Suspend/resume not working as expected

Adrian Miron
The following issue was discovered while doing some work with hibernate, but it boils down to the following scenario:

1. start a transaction
2. create a prepared statement (and keep a reference to it for later use)
3. execute the statement
4. suspend the transaction
5. resume the transaction
6. execute the prepared statement a second time

By doing some debugging I saw that suspend will call xaresource.end(tmsuccess) for all resources in the transaction, but resume won’t start them again. (probably because they will be lazily started with a tmjoin later when they are used – via JdbcConnectionHandle)

But in this case, the second execution of that prepared statement is not “intercepted” by bitronix, and it will execute on a connection that was previously ended.  From my observations results may vary: sometimes the statement execution just blocks, other times it is successful but done in a new transaction.
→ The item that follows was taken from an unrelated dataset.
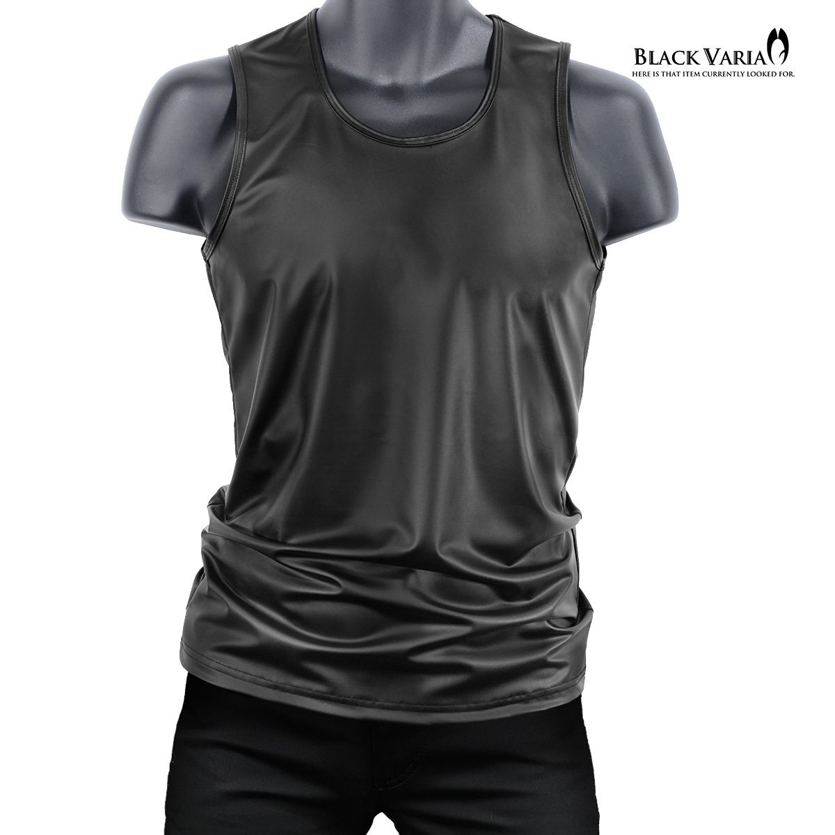 > 233159-bk BLACK VARIA タンクトップ PUレザー 無地 マット 合皮 ストレッチ 細身 タンク メンズ(ブラック黒) L 日本製 送料370円~

I did a wild guess :) and added the following line:
xaResourceHolderState.start(XAResource.TMJOIN);
in XAResourceManager# resume() right before the end of the loop and things seem to work, but I really don’t know if it’s the right thing to do.


I'm using:
Bitronix 1.3.2
MSSQL 2005
MSSQL JDBC driver v2.0
Reply | Threaded
Open this post in threaded view
|

Re: Suspend/resume not working as expected

Ludovic Orban
Administrator
Hi,

Strictly speaking this isn't a bug but a limitation of the current connection pool but I agree the result is the same: it does not work as you expect it to.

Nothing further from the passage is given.